The sound of grinding filled the kitchen again. “If I didn’t love your father, I wouldn’t be here.”

“I know you love him. But I mean in love. You know, passion and fire and racing heartbeats.”

“Ah, cara. I outgrew such fleeting feelings long ago. They don’t last long in this world. Had I let myself be ruled by them, our family would be in tatters.”

Sabina rested her forehead on the table, its cool surface too inviting to pass up. She felt like crying again and wasn’t sure why. “But you did feel them? Once?”

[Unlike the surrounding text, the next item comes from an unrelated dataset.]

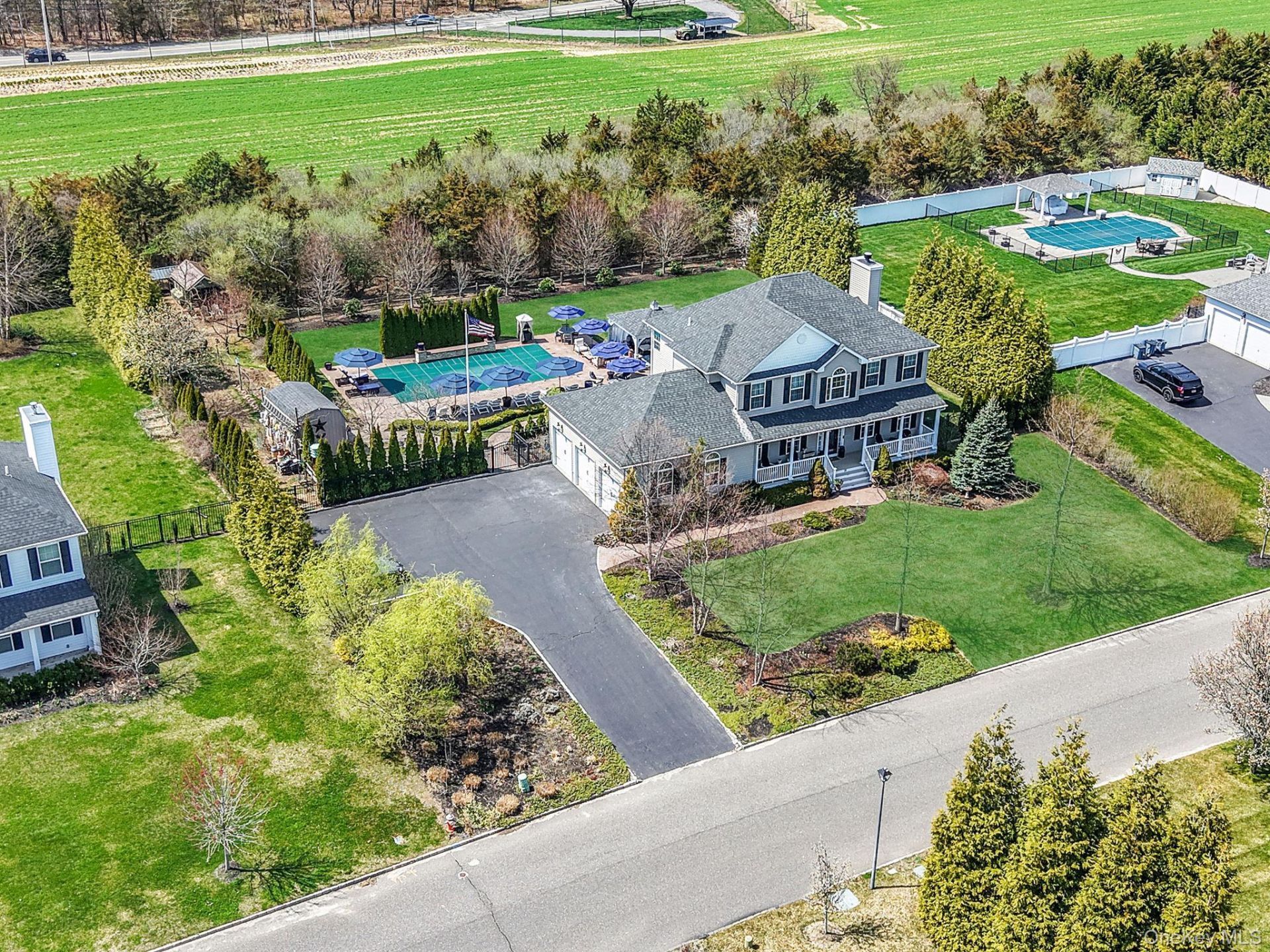 Location! Location! Welcome to this Stunning picture perfect Sun-Filled 4 Bedroom, 2.5 Bath Colonial nestled in the heart of the desirable Birchwood Community in Wading River. This stunning custom-built Jamesport Model offers exceptional craftsmanship, upscale finishes, and a spacious open floor plan designed for both luxurious everyday living and effortless entertaining.From the moment you arrive, you are greeted by beautifully landscaped grounds, striking curb appeal, and an impressive 3-car garage with lift, accommodating up to 4 cars. Step inside to discover hardwood floors, custom doors and moldings, soaring ceilings, elegant custom chandeliers, and hi-hat lighting throughout, all enhancing the home's bright and sophisticated ambiance.The heart of the home is the gourmet eat-in kitchen, thoughtfully designed for the culinary enthusiast and entertainer alike. This spectacular space features quartz countertops, a massive 10-foot center island with built-in microwave, Stainless steel farmhouse sink, pot filler, Viking gas cooking with oven and range, three ovens, two dishwashers, stainless steel appliances, wine cooler, garbage compactor, and a spacious pantry. Sliders from the kitchen lead directly to the backyard, seamlessly blending indoor and outdoor living.The inviting living area showcases a beautiful wood-burning fireplace with a gorgeous cased mantel, creating a warm and elegant focal point within the home's expansive open-concept layout. Generously sized bedrooms provide comfort and flexibility, including a spacious primary suite complete with a walk-in closet. The beautifully updated bathrooms offer modern style and refined finishes throughout.Additional interior highlights include a full unfinished basement offering endless potential, as well as hardwired security features for added peace of mind.Step outside to your own private backyard retreat, where resort-style living awaits. The fully fenced yard is surrounded by mature evergreen privacy trees and features an 18x36 heated in-ground saltwater pool with two waterfalls, a paver patio, pergola, shed, and abundant space for outdoor entertaining or peaceful relaxation, with its very own vegetable garden.Perfectly located, this extraordinary home combines luxury, comfort, and exceptional amenities in one remarkable package.Don't miss this rare opportunity to own a truly one-of-a-kind property in Wading River. This home won't last!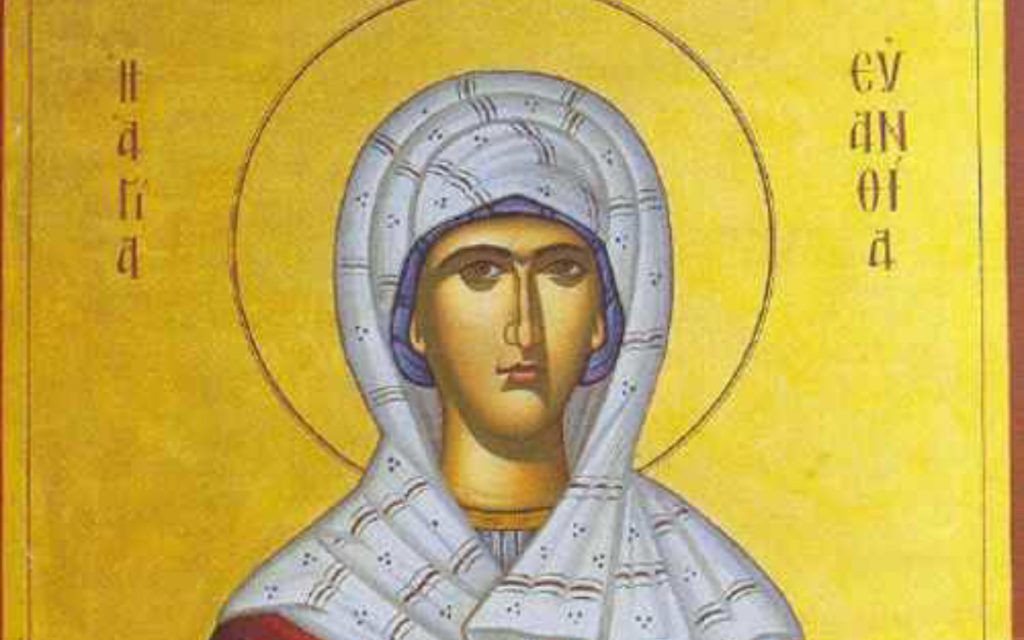 Σήμερα γιορτάζουν οι: Ευανθία, Εύα, Ευάνθης Ευφρόσυνος, Φρόσυνος Αγίας Ευανθίας μάρτυρος, Οσίου Ευφροσύνου του μαγείρου, Αγια Θεοδωρα η εν Βαστα

She heard her mother open up the grinder and transfer the grounds into the top of the percolator. “Long ago, yes. When I was little more than a girl in Sicily, and your father was a young mafioso. All strut and big words.” A smile saturated her voice. “In our hometown, there weren’t so many opportunities as you have here. You either stole or were stolen from. You hit or were hit. The Mafia was sometimes the only protection we had. The government—” She made a scoffing, dismissive sound. “They were the worst criminals of all. But it was a small town. Not much to do, not much to make of yourself. So your father and Franco and Vanni all decided to come to America. They’d heard grand stories about the opportunities. I couldn’t imagine a life without him, so we married, and I came too.”

Sabina hummed out a sigh. “Very romantic.”

“No.” Mama’s voice went stiff. “It was not, or not for long. For the first months, we lived in a shanty along the docks in New York. Twelve people stuffed in a small room, never enough food. Praying our numbers would be drawn in the lottery. Every penny we earned, the Black Hand would steal from us. Just like in Sicily, the authorities didn’t care. ‘Let the dagos kill one another,’ they’d say. As if we were no more than animals.”

The hatred in Mama’s tone inspired Sabina to lift her head. She saw a matching bitterness in her mother’s eyes. “It took a year before we got out of there, and we managed it only then because Manny and Franco made a deal with Lupo, offering to distribute some of his counterfeit money in Chicago if he would pay our way here. By that time, I was pregnant with Gianna, God rest her soul.” She crossed herself, as she always did when mentioning either of the two children who had died before Sabina was born. “Once we were here, your papa got to work. Found ins anywhere he could, took them where they shouldn’t be found, spilled blood when necessary.”

Mama gave her head a sharp shake. “It was not pretty, Sabina, and not romantic. There were days I wanted to run away, but I had nowhere to go. Days I wanted to end it all, especially after my baby died in her cradle. Days I wanted to kill your father when he came home smelling like the cheap perfume of the women he had begun to sell.”

Afraid she might be sick, Sabina squeezed her eyes shut and wrapped her arms around her stomach. “You’ve never told me any of this.”